Thursday, January 28, 2010

Fuzzy Feelings

Easy to trip when thinking about past relationships. You get those fuzzy feelings, but then you get all steel hearted.Yet its been a blast to spin in a world with gorgeous women. I now look inward and see holes where a life and purpose used to reside. Every step I take forward reminds me of the past, but every breath I exhale warns me of a future alone. I seek the path to knowing the present and owning it. I used to dread loneliness. I never knew what it felt like until this past year. Today a close friend told me that I was there when my kids needed me the most and now that they had grown, was it really that bad not be needed? She was right. I did my duty and though you are a daddy until you die. its time I let them grow up and make my own moves onward.

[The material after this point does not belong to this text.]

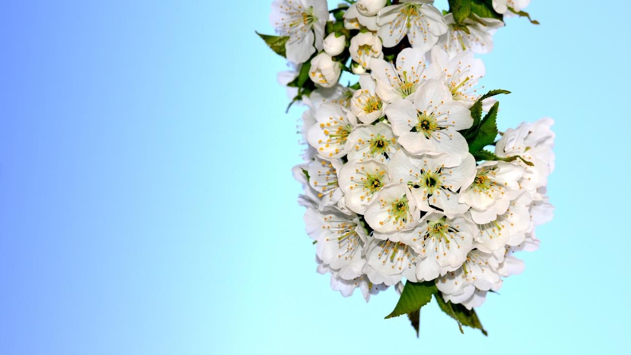 Wallpaper White cherry flowers with green leaves on a blue background

Today My Aunt lent me a couple grand and I bought a ticket to Italy for a couple weeks at end of March. Am so fucking looking forward to this trip. First time I travel as a non smoker. You do not know Hell until you fly a 13 hour trip from LAX to Rome without a cig!! Now I go as a man that has destroyed his addictions and conquered new secret places in my mind. What Ive learned as a sexually interactive Man (means horny) is women will always be there and basically everywhere. Am going to club in Rome, already got some lined up. Got hotel already. Had a ball doing this big-time. I can't believe I let my ex wife do all this planning, this is freaking fun.  Btw one word k...priceline. Yea a stupid ass like me can never get it just right huh. So I give up everything bad for me right? Yet now I can't even imagine not working from 8am-9pm. I mean operating a restaurant by myself.  Lamo never worked this hard before in my life. But I fucking love it!!! ROFL!!